Try it: Write each line below back out exactly, omitting its pictures.

Data section:
══════════════════════════════

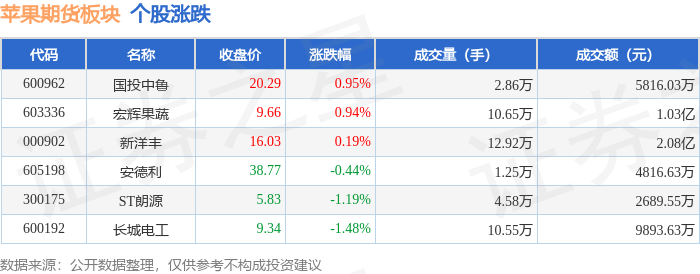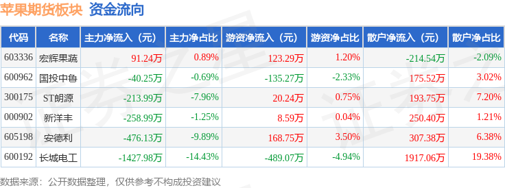 从资金流向上来看,当日苹果期货板块主力资金净流出2326.11万元,游资资金净流出303.45万元,散户资金净流入2629.56万元。苹果期货板块个股资金流向见下表:
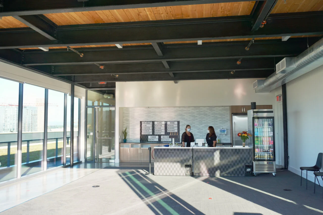Originally envisioned as an office community area for social events, work breaks and office events, the 9th floor rooftop was not intended to be a commercial space. With the ongoing effects of COVID-19 discouraging live sporting events and on-site office visits, the developers knew filling the Canvas building with tenants would take some time. Migration Brewing makes for a sustainable pivot that will draw people to the area and in time could become a hotspot for happy hours and late night drinks before and after sporting events across the street.
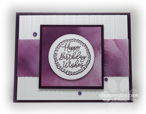 It looks almost like black here, but the dark colored base and layers are all Blackberry Bliss. If you look really closely, you’ll notice that Ann embossed the Basic White Layer with the Lovely Stripes 3D Embossing Folder.
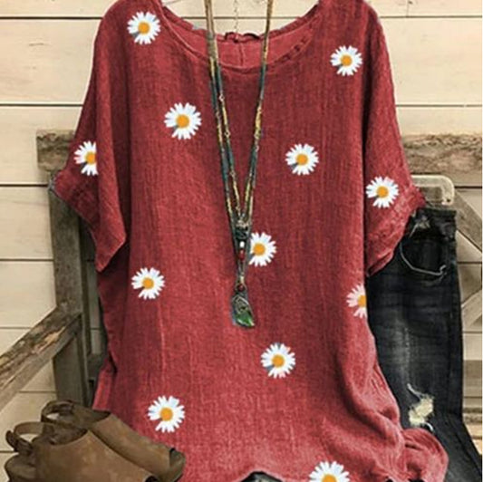 Large Size Women 5XL Loose Short Sleeve Crew Neck X-long Blouse New Arrivals Ladies Floral Printed Leisure Pullover Slit Shirts

══════════════════════════════

Task response:
 从资金流向上来看,当日苹果期货板块主力资金净流出2326.11万元,游资资金净流出303.45万元,散户资金净流入2629.56万元。苹果期货板块个股资金流向见下表:
Originally envisioned as an office community area for social events, work breaks and office events, the 9th floor rooftop was not intended to be a commercial space. With the ongoing effects of COVID-19 discouraging live sporting events and on-site office visits, the developers knew filling the Canvas building with tenants would take some time. Migration Brewing makes for a sustainable pivot that will draw people to the area and in time could become a hotspot for happy hours and late night drinks before and after sporting events across the street.
 It looks almost like black here, but the dark colored base and layers are all Blackberry Bliss. If you look really closely, you’ll notice that Ann embossed the Basic White Layer with the Lovely Stripes 3D Embossing Folder.
 Large Size Women 5XL Loose Short Sleeve Crew Neck X-long Blouse New Arrivals Ladies Floral Printed Leisure Pullover Slit Shirts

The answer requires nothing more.